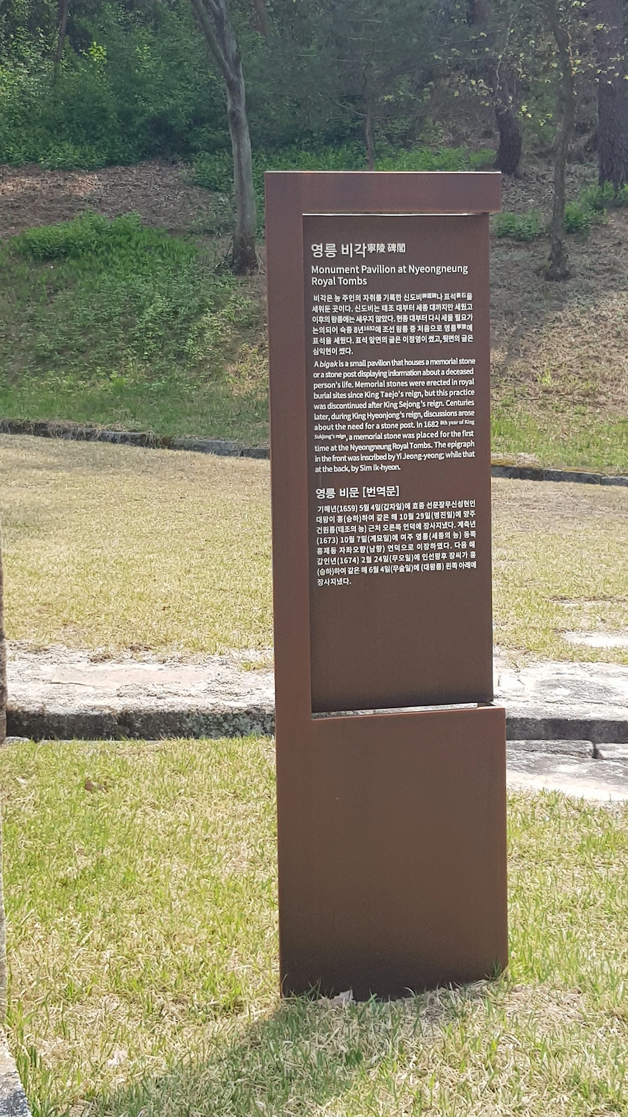 어쩌면 이 거대 나무들과 온몸이 잘렸지만 죽지 않고 살아있다고 외치는 저 나무까지도 북벌의 꿈을 눈앞에 두고 갑자기 세상을 떠난 효종의 큰 뜻을 애도하고 있나 보다 애잔함에 다시 돌아다보며 효종의 기막힌 인생사를 마음에 담고 세상사 참 뜻대로 되기 어렵구나라는 안타까움을 안고 발길을 돌렸다.
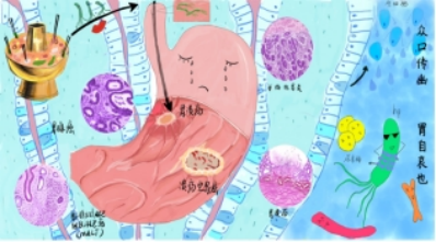 (机绘作品:《众口传幽,胃自哀也》、作者:21级临床医学专业 马文宇、指导老师:王成勤)
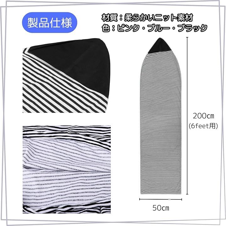 サーフ ボード サーフィン カバー ソックス ケース 収納 ソフト 6'6 ft ボーダー ニット
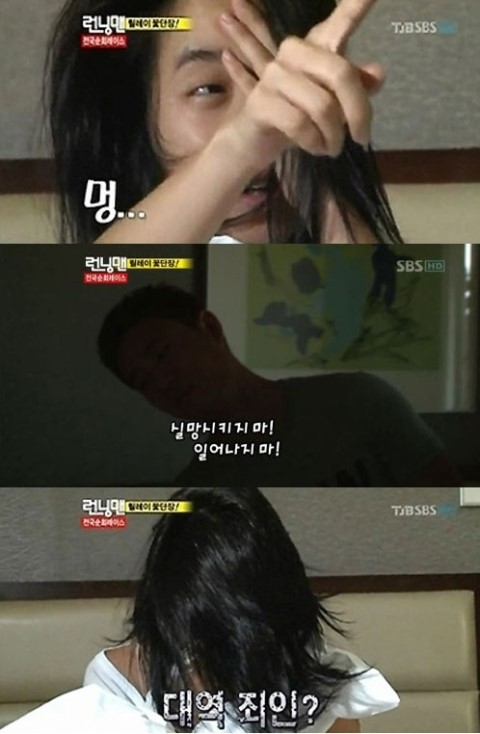 송지효는 당시 방송에서 잠에서 방금 깬 모습으로 부은 얼굴과 정리 안된 머리스타일을 하고 있다. 이를 본 개리는 "실망시키지마,일어나지마!"라고 말하며 보는 이들을 폭소케했다.
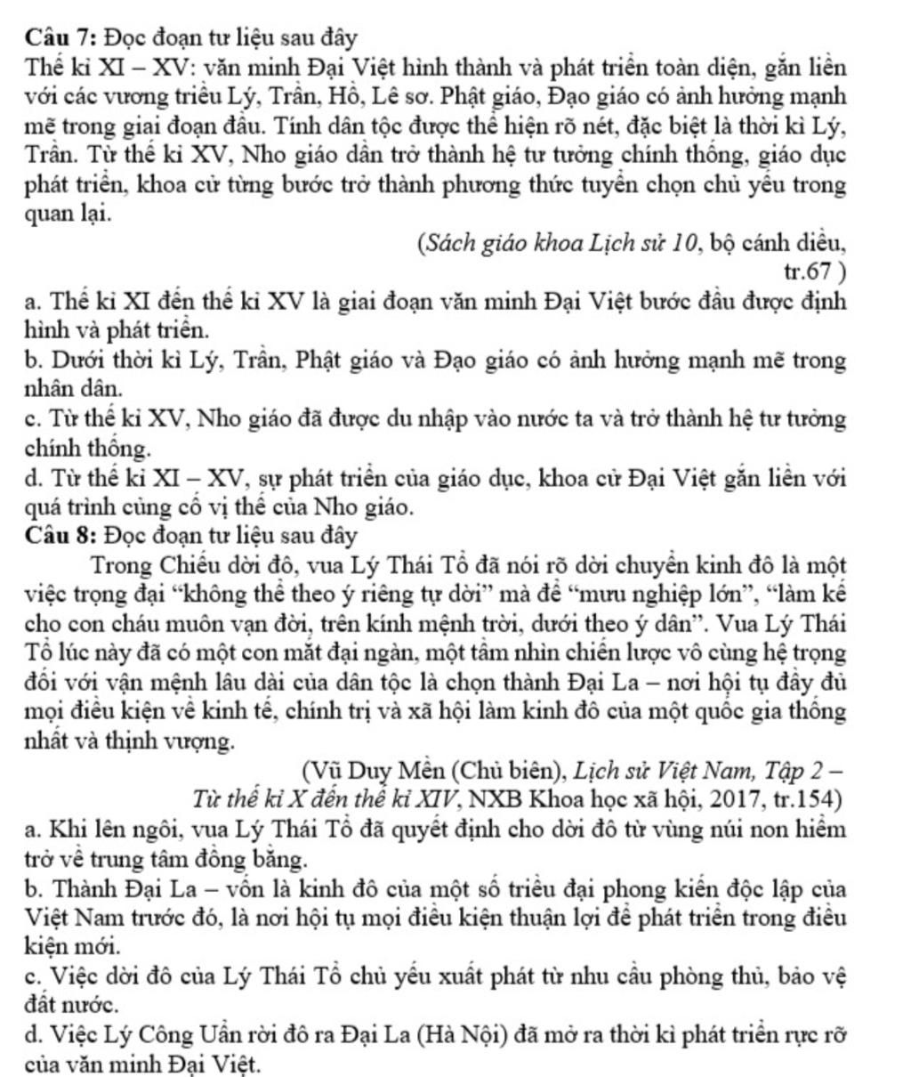 a. Thế kỉ XI đến thế kỉ XV là giai đoạn văn minh Đại Việt bước đầu được định
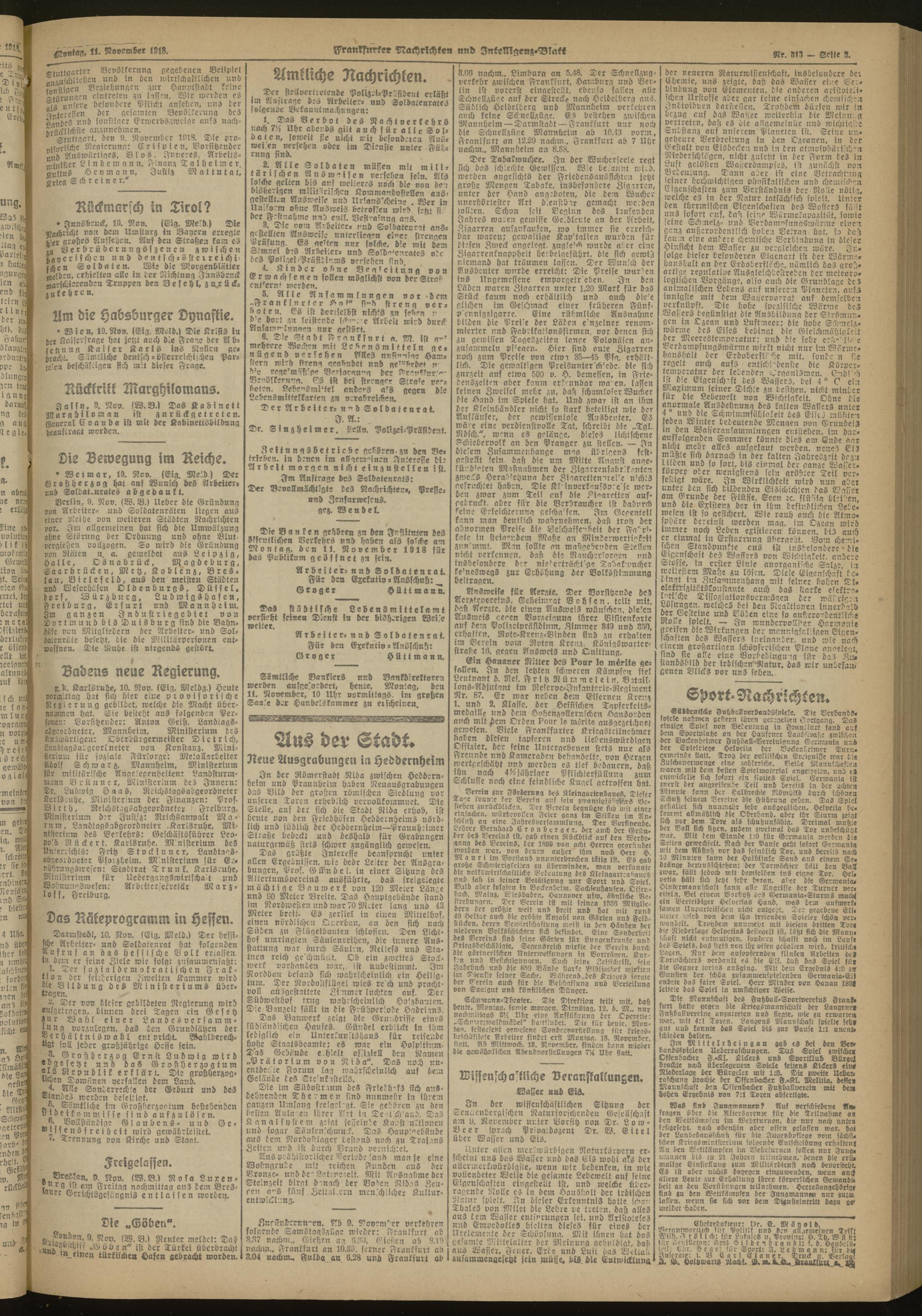 11.11.1918 Morgen-Ausgabe = Nr. 313
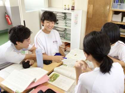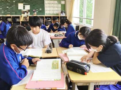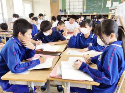 23学級は、国語の「盆土産」の授業の様子です。登場人物の関係性を確認した後、物語の流れについて班で話し合っていました。
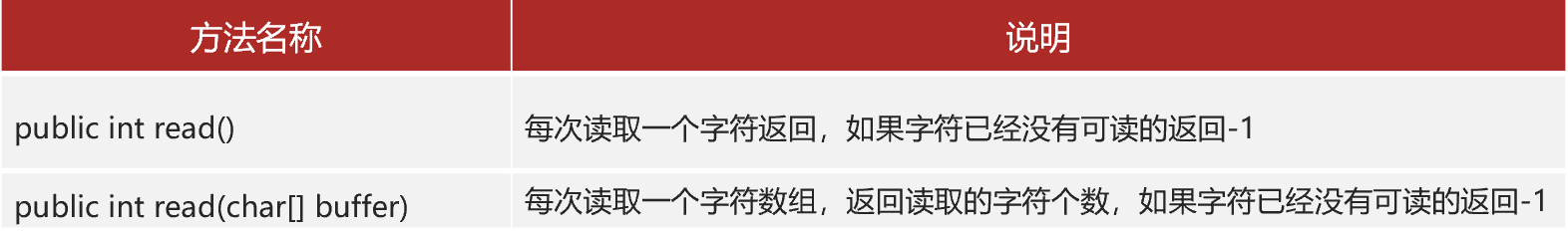 - 作用:以内存为基准,把磁盘文件中的数据以字符的形式读取到内存中去。
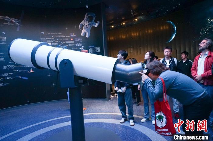 圖為一位外國政黨代表在青海省自然資源博物館內(nèi)體驗(yàn)用VR技術(shù)呈現(xiàn)的天文望遠(yuǎn)鏡。馬銘言 攝
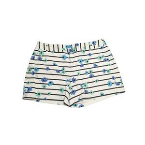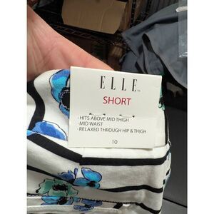 NWT ELLE White Black Blue Floral Striped Mid Waist Cotton Shorts 4" Inseam Women
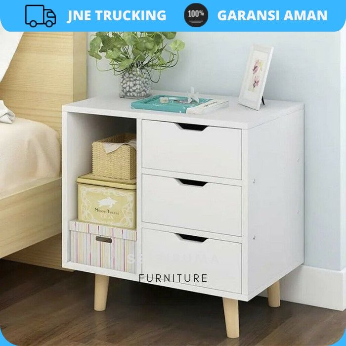 Promo Seisiruma Meja Nakas Meja Minimalis Meja Kamar Meja Samping Kamar Tidur 3 Laci Murah Keren
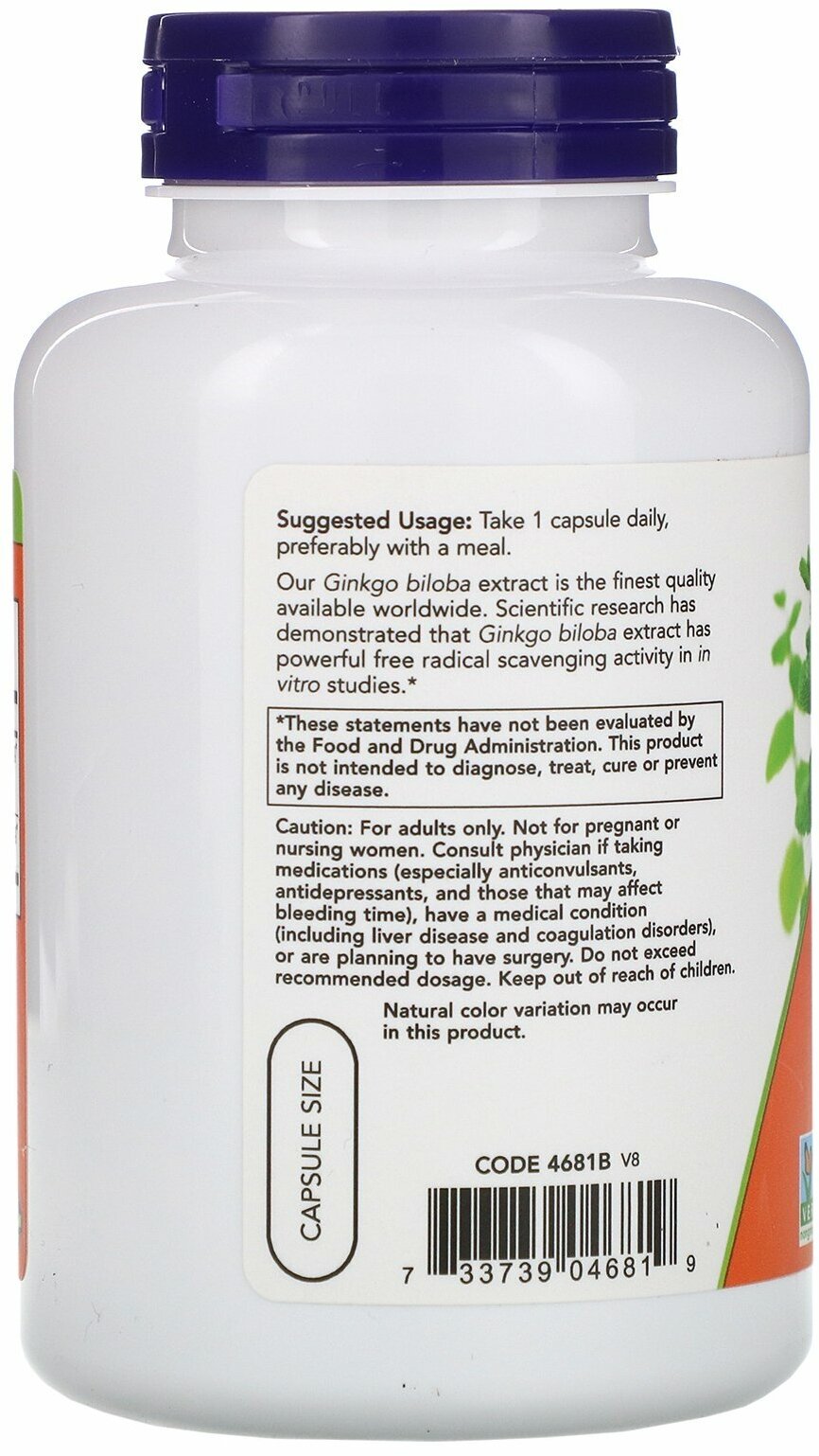 NOW Ginkgo Biloba 120мг (100 вегкапсул)
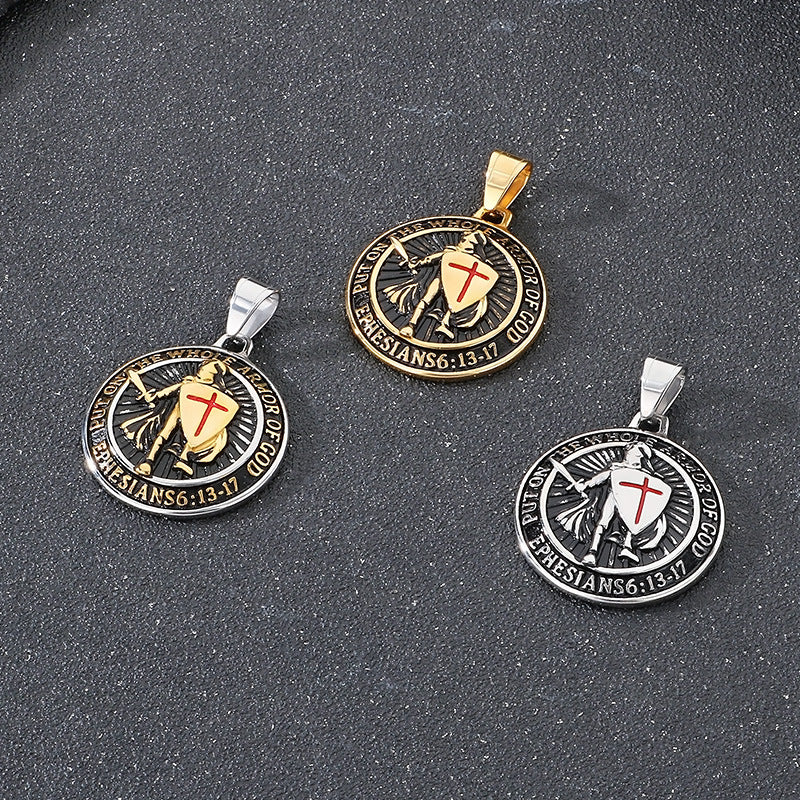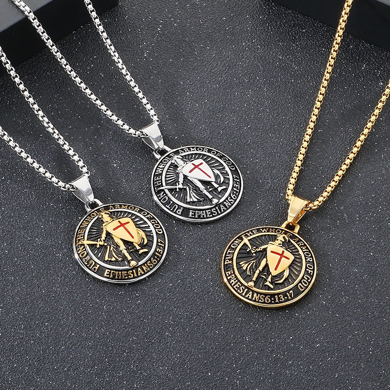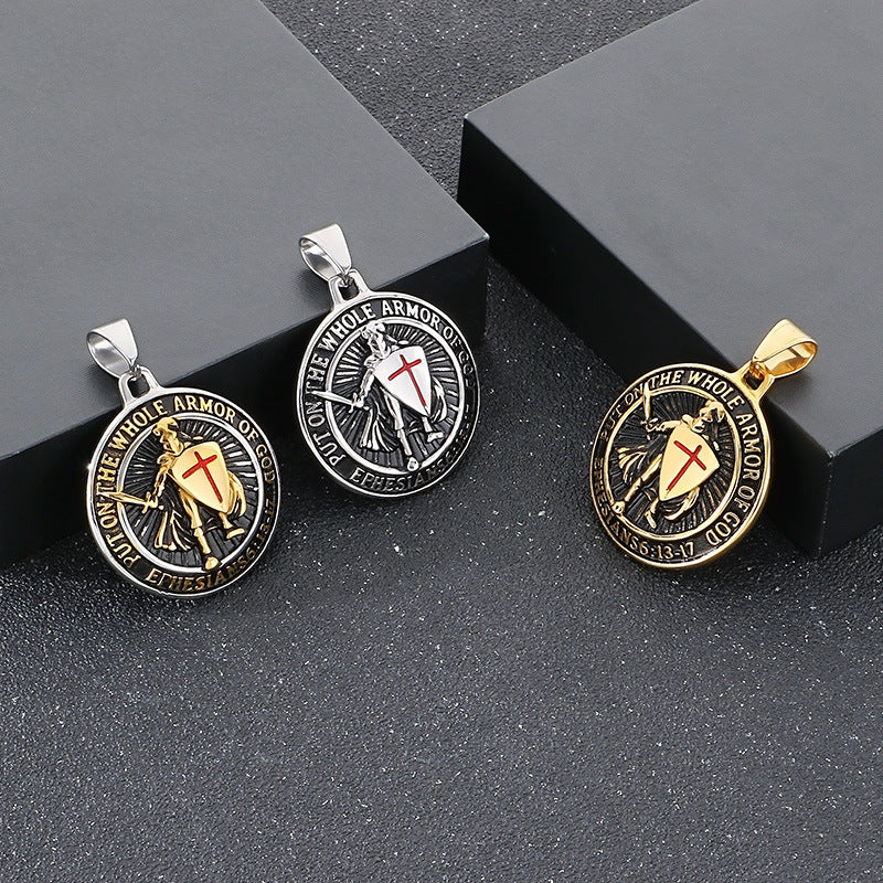 The pendant features a retro red cross shield emblem with a vivid epoxy finish set on a solid metal base. Its striking design captures the heraldic flair of Templar symbolism, updated for modern wear with a rugged, masculine silhouette.
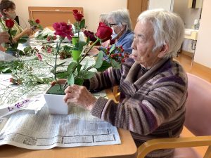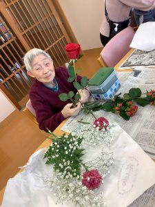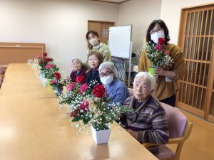 四ツ宮では赤と白の彩りの花を使ったフラワーアレンジメントを行いました!
########################################
What is needed
Please copy out the material above exactly, with the images removed.

Solution to this exercise
 어쩌면 이 거대 나무들과 온몸이 잘렸지만 죽지 않고 살아있다고 외치는 저 나무까지도 북벌의 꿈을 눈앞에 두고 갑자기 세상을 떠난 효종의 큰 뜻을 애도하고 있나 보다 애잔함에 다시 돌아다보며 효종의 기막힌 인생사를 마음에 담고 세상사 참 뜻대로 되기 어렵구나라는 안타까움을 안고 발길을 돌렸다.
 (机绘作品:《众口传幽,胃自哀也》、作者:21级临床医学专业 马文宇、指导老师:王成勤)
 サーフ ボード サーフィン カバー ソックス ケース 収納 ソフト 6'6 ft ボーダー ニット
 송지효는 당시 방송에서 잠에서 방금 깬 모습으로 부은 얼굴과 정리 안된 머리스타일을 하고 있다. 이를 본 개리는 "실망시키지마,일어나지마!"라고 말하며 보는 이들을 폭소케했다.
 a. Thế kỉ XI đến thế kỉ XV là giai đoạn văn minh Đại Việt bước đầu được định
 11.11.1918 Morgen-Ausgabe = Nr. 313
 23学級は、国語の「盆土産」の授業の様子です。登場人物の関係性を確認した後、物語の流れについて班で話し合っていました。
 - 作用:以内存为基准,把磁盘文件中的数据以字符的形式读取到内存中去。
 圖為一位外國政黨代表在青海省自然資源博物館內(nèi)體驗(yàn)用VR技術(shù)呈現(xiàn)的天文望遠(yuǎn)鏡。馬銘言 攝
 NWT ELLE White Black Blue Floral Striped Mid Waist Cotton Shorts 4" Inseam Women
 Promo Seisiruma Meja Nakas Meja Minimalis Meja Kamar Meja Samping Kamar Tidur 3 Laci Murah Keren
 NOW Ginkgo Biloba 120мг (100 вегкапсул)
 The pendant features a retro red cross shield emblem with a vivid epoxy finish set on a solid metal base. Its striking design captures the heraldic flair of Templar symbolism, updated for modern wear with a rugged, masculine silhouette.
 四ツ宮では赤と白の彩りの花を使ったフラワーアレンジメントを行いました!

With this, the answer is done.